Пытаюсь вспомнить, как давно мы не были дома. Пальцев не хватает, и я сразу же путаюсь в числах.
— Четыре? Или пять? — спрашиваю я вслух, но Роланд понимает.
— Пять. Я бы сейчас многое отдал, чтобы вернуться к Альде.
Перехватываю его взгляд: впервые за много дней в нем не суровость и сила, в нем — нежность и любовь, и какое-то мальчишеское чувство торжества и победы. Еще бы: добиться руки моей сестры может далеко не каждый. Вспоминаю надменно вздернутый нос Альды и усмехаюсь.
Никогда бы не взял ее в жены.
— Передашь ей, если я не вернусь, — Роланд сует мне в руки маленький кожаный мешочек.
Яростно качаю головой. Это он должен вернуться. Если уж погибать — так мне. Что я такое? Чудом выжил во всех бойнях, мечтаю вернуться домой к женщине, которая еще не знает, что я ее люблю. Или не люблю? Сколько их было у меня, этих Изольд? Не знаю, кто я. Живу, как живется, выполняя приказы, и делаю вид, что мне никто не нужен. Отец отчего-то не любит меня, но терпит — я наследник; а мать умерла много лет назад, и я ее почти не помню. Я рос одиноким — и богатым, и стал бы последним мерзавцем, если бы не Роланд. Я люблю его больше короля, больше своего долга и, наверное, больше земли, на которой родился.
— Сам передашь, — я пихаю мешочек в седельную сумку, висящую рядом с прикрепленным к луке рогом.
Смотрю на темное загадочное небо, на горы вокруг, на звезды — и мне кажется, что не только я молод, но и весь мир вокруг.
— Сейчас бы вина, — говорю я нарочно громко.
Роланд смеется и качает головой. Ветерок играет его темными волосами, едва касающимися плеч. Смотрю с завистью в его загорелое сосредоточенное лицо с жесткой щетиной: цельные люди всегда или правильны, или полны яда, а я — по кускам — весь в противоречиях. Смотрю на него — и вдруг понимаю: внутри его грызут сомнения.

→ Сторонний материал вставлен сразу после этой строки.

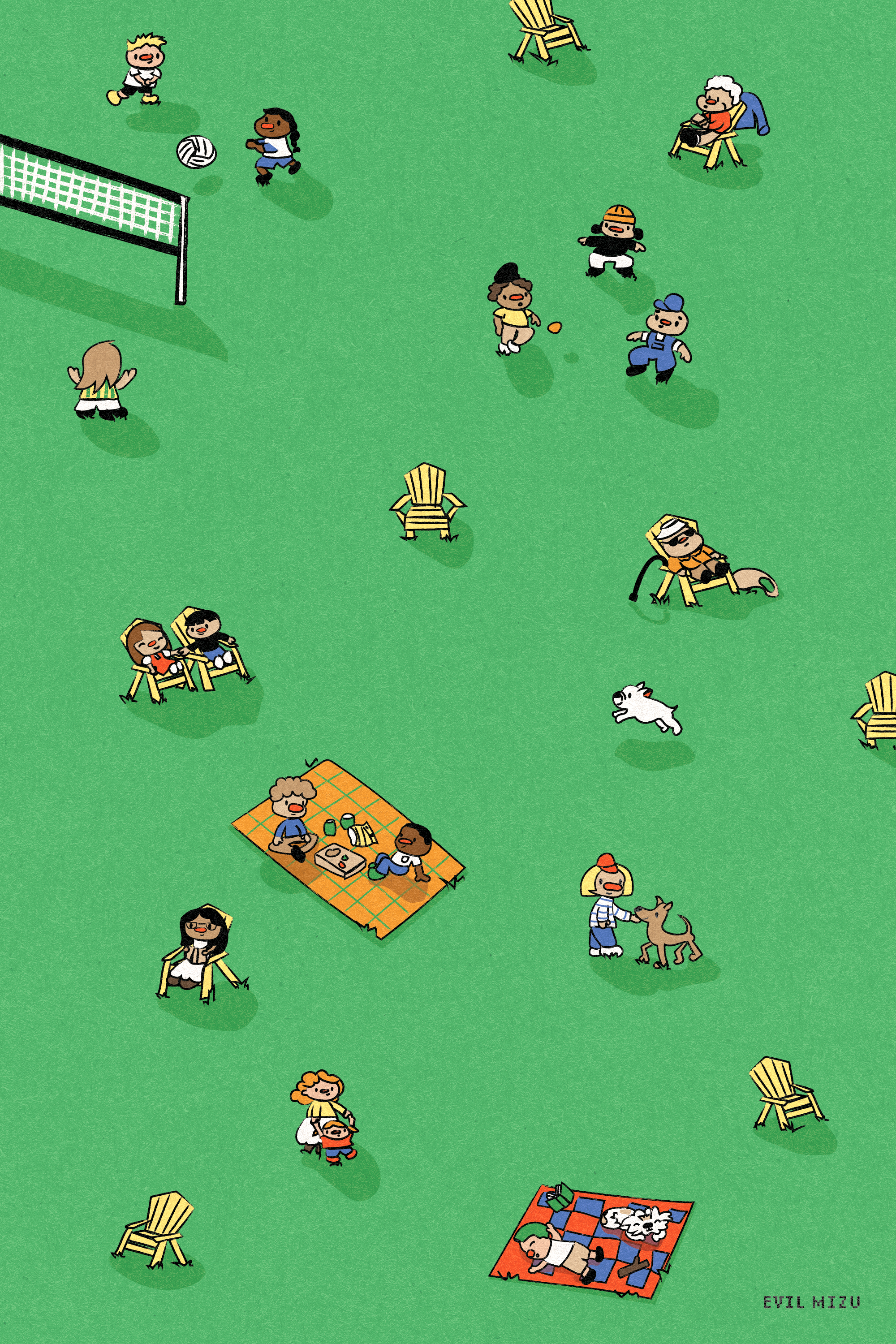 lol so anyways all of these characters are just “inspired” by the various activities and characters I saw in the lawn! I’M NOT STEALING ANYONES LIKENESS (EXCEPT FOR THE OLD MAN WHO FELL ASLEEP ON HIS CHAIR THAT IS DEFINITELY HIM)

— Мы разграбили Памплону, — замечаю я негромко, так, чтобы не услышали остальные.
Роланд вздрагивает.
Я угадал.
— Баски дали нам отпор, — отвечает он горячо, но голос дрожит — впервые.
Ему, честному и незапятнанному, хочется видеть своего короля таким же. Но незапятнанные королями не становятся.
— Нам необязательно было брать город.
— Солдаты должны быть довольны.
Сглатываю, взглянув на высокие склоны. Вот почему Роланд так торопится. Он тоже понимает, что баски захотят вернуть свое.
Можно ли уйти от судьбы?
— Все походы до этого были оправданы — саксы, лангобарды, славяне — они первые развязывали войну, — я говорю неприятные вещи, но молчать бессмысленно.— Но кровь Памплоны была необязательна, Роланд. Эту кровь нам не простят.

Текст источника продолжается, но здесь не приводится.